隨著科技進步，棒球揮擊模擬訓練也發展出許多不同的方式，從傳統的拋球揮擊、動作意象，到影片投影以及現今的虛擬實境技術，運動訓練更加科技化，然而這些不同情境的模擬訓練可能存在動作上的差異，因此本研究企圖以動作分析的觀點了解在各訓練情境間，揮擊外角、中間和內角球路時，人體運動學參數的變化以及在動作上有何種改變。實驗招募10名大專公開一、二級棒球選手，進行拋球揮擊、動作意象、影片投影與虛擬實境之揮棒。以二因子重複量數變異數分析，比較情境與位置間的關節角度差異，並將空間中棒頭軌跡投影在實驗室座標平面上。結果顯示虛擬實境在動作準備期的骨盆內旋與上半身左旋角度顯著高於所有情境，影片投影也顯著高於其它情境，但影片投影在揮擊不同位置的球之擊球瞬間，雙側手肘屈曲角度與身體旋轉角度沒有差異；拋球揮擊在揮擊中間球之擊球瞬間，雙側手肘屈曲角度顯著高於所有情境，且棒頭軌跡在擊球後有較向前與向外的情形；動作意象在擊球瞬間的前腳屈曲角度顯著高於拋球揮擊與影片投影。本結果認為使用虛擬實境揮棒，在準備動作上有較佳的模擬投手投球動作效果，影片投影也有相似的效果，但無法反應擊球瞬間揮擊不同位置的球之動作變化；拋球揮擊在擊球瞬間較多的手肘彎曲為面對真實球路接近身體的動作反應，且真實擊中球的過程有助於揮棒時的棒頭延伸；以動作意象進行揮棒，擊球瞬間的前膝會有較為彎曲且延伸較少的情形。本研究認為虛擬實境有較好的模擬投手投球動作效果，但在擊球動作的反應上仍與實際拋球打擊有所差異，建議未來在運動訓練的實務上，能加入擊中球的撞擊效果，能有助於擊球後的棒頭延伸。

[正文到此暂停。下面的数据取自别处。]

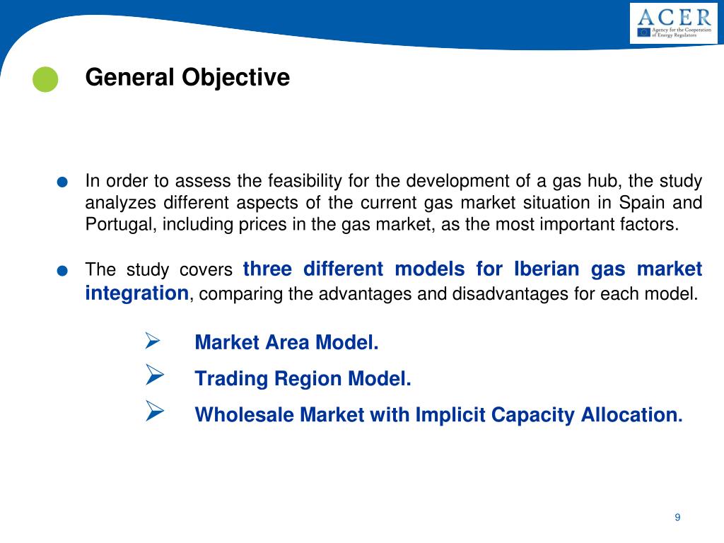 General Objective • In order to assess the feasibility for the development of a gas hub, the study analyzes different aspects of the current gas market situation in Spain and Portugal, including prices in the gas market, as the most important factors. • The study covers three different models for Iberian gas market integration, comparing the advantages and disadvantages for each model. • Market Area Model. • Trading Region Model. • Wholesale Market with Implicit Capacity Allocation.

With the advancement of technology, baseball swing simulation training system has also developed in many different ways, from toss batting, motor imagery, to film projection and virtual reality, making sports training more technological. However, there may be difference in the movement among these simulated training. Thus, this study attempts to understand the changes in the kinematic parameters of the human body during the swing of the middle as well as outside and inside corners from the perspective of motion analysis. This study recruited 10 college baseball players to perform baseball swing using toss batting, motor imagery, film projection, and virtual reality. The difference in joint angle between each condition was analyzed by two-way analysis of variance, and the bat head trajectory was projected on the laboratory coordinate plane. The results showed that the pelvic internal rotation and the upper body left rotation angles during the preparation period under virtual reality were significantly higher than all other conditions, and the film projection was also significantly higher than other situations, but there was no difference between bilateral elbow and body rotation angles among different batting zone under film projection; the bilateral elbow flexion angle at the ball contact under toss bating was significantly higher than all other conditions, and the bat head trajectory revealed a more forward and outward situation after the real impact; the lead knee flexion angle at the ball contact under motor imagery was significantly higher than the toss batting and film projection. These results indicated that virtual reality is the best way to stimulate pitcher’s pitching motion, the film projection also has a similar effect, but it cannot respond to the action of swing in different position; the bilateral elbow movement with more flexion under toss bating is the action response facing the real inside ball, and the process of actually hitting the ball helps to extend the bat. This study suggests that the virtual reality training system has a better effect to simulate pitcher pitching, but the reaction of the batting movement is still different from the toss batting task.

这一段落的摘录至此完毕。